Motor coordination performance, dopamine concentration, mRNA expression level, and densitometric measurements of protein expression in metal-treated mice were compared with those of the controls using one-way analysis of variance (ANOVA), followed by a post hoc Duncan test. The assumptions of normality and homogeneity of variances were tested using Kolmogorov–Smirnov test and Levene’s test for homogeneity, respectively. p values < 0.05 or <0.01 were deemed statistically significant. All statistical analyses were conducted using SAS v. 9.4 statistical software (SAS Institute Inc., Cary, NC, USA).

3. Results

3.1. Body Weight

Water consumption was not significantly different among groups. The mean As, Pb, and Cd intakes from drinking water were equivalent to approximately 0.77, 10.26, and 0.07 mg/kg body weight per day, respectively. The body weight of metal-treated animals did not significantly differ from that of the controls during 4 weeks of treatment (Figure 1).

3.2. Motor Coordination

Motor coordination is expressed as a percentage of retention time (Figure 2). The absolute retention times were not significantly different across treatment groups before treatment (week 0). The retention time of the control mice increased slightly after week 0 of treatment. Metal-treated mice displayed reduced retention time on the accelerating rotating rod over the experimental timeframe. Beginning with the first week of treatment, a significant decrease in retention time was observed in metal-mixture-treated mice compared to control mice (p < 0.05 or p < 0.01). There was no significant difference in retention time on the rota-rod among single metal-treated groups throughout the study.

3.3. Dopamine Content

To understand the effect of metal on dopamine synthesis, we examined striatal dopamine levels following exposure to single or mixed metals (Figure 3). After 4 weeks of treatment, the dopamine level decreased significantly in mice treated with As, Pb, or a metal mixture compared with controls (p < 0.01). The dopamine content was significantly lower in mice treated with a metal mixture compared with single-metal-treated mice (p < 0.01).

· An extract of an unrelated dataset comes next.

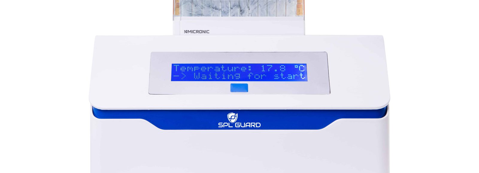 The SPL Guard Arizona is a unique thawing station for uniform and fast thawing of samples. The Arizona thaws a complete rack from -80°C to 5°C in only 6 minutes. The SPL Guard Arizona stops thawing when the desired temperature is reached and confirms this with a beeping sound. The thawing station is compatible with a wide range of SBS-format racks from different brands, such as Micronic, Azenta Life Sciences, Matrix and LVL Technologies.
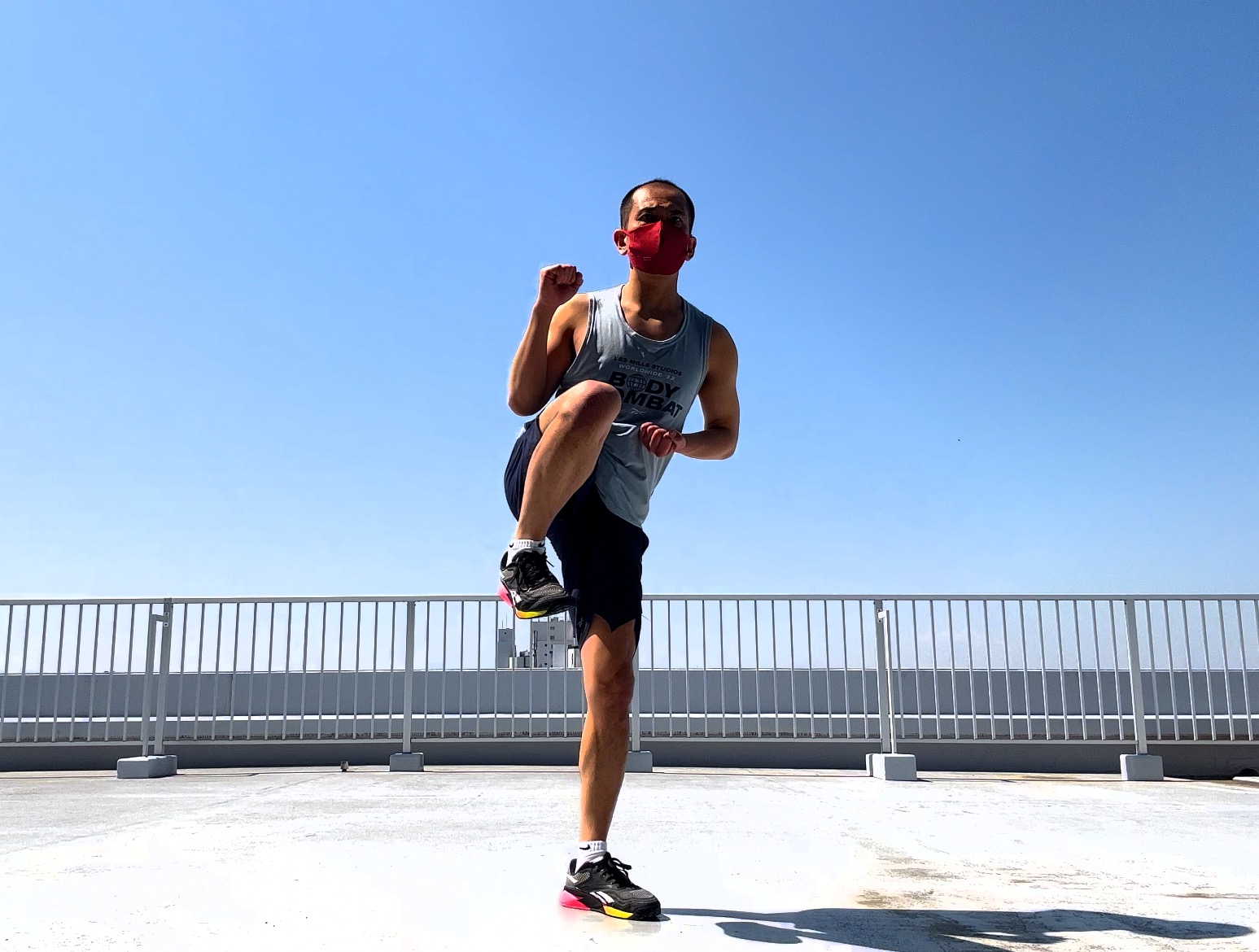 サイドキックは通常片腕を蹴る方向に向けて構えますが、このトラックでは↓のようにそれぞれ構えて、その構えが出来るだけ崩れないようにしながら蹴り込みます。

3.4. Gene Expression in the Striatum

The molecular basis of motor coordination deficits was elucidated by comparing differences in mRNA expression of TH, DAT, VMAT2, DRD1, and DRD2 between controls and metal-treated mice using real-time RT-PCR. Striatal TH gene expression decreased significantly in mice treated with Pb, Cd, or a metal mixture compared with controls (p < 0.05 or p < 0.01; Figure 4A). TH gene expression was also significantly lower in the striatum of mice treated with a metal mixture compared to the striatum of mice treated with As, Pb, or Cd (p < 0.05). DAT gene expression was significantly reduced in metal-mixture-treated mice compared with control mice; however, the expression of DAT did not significantly change with single-metal treatment (Figure 4B). In the striatum, VMAT2 mRNA expression decreased significantly in mice treated with Pb, Cd, or a metal mixture compared with controls (p < 0.05 or p < 0.01; Figure 4C). VMAT2 gene expression decreased significantly in mice treated with metal mixture compared with mice treated with As or Pb (p < 0.05). Treatment with single or mixed metals had no significant overall effects on DRD1 and DRD2 mRNA expression in the striatum of treated mice (Figure 4D,E).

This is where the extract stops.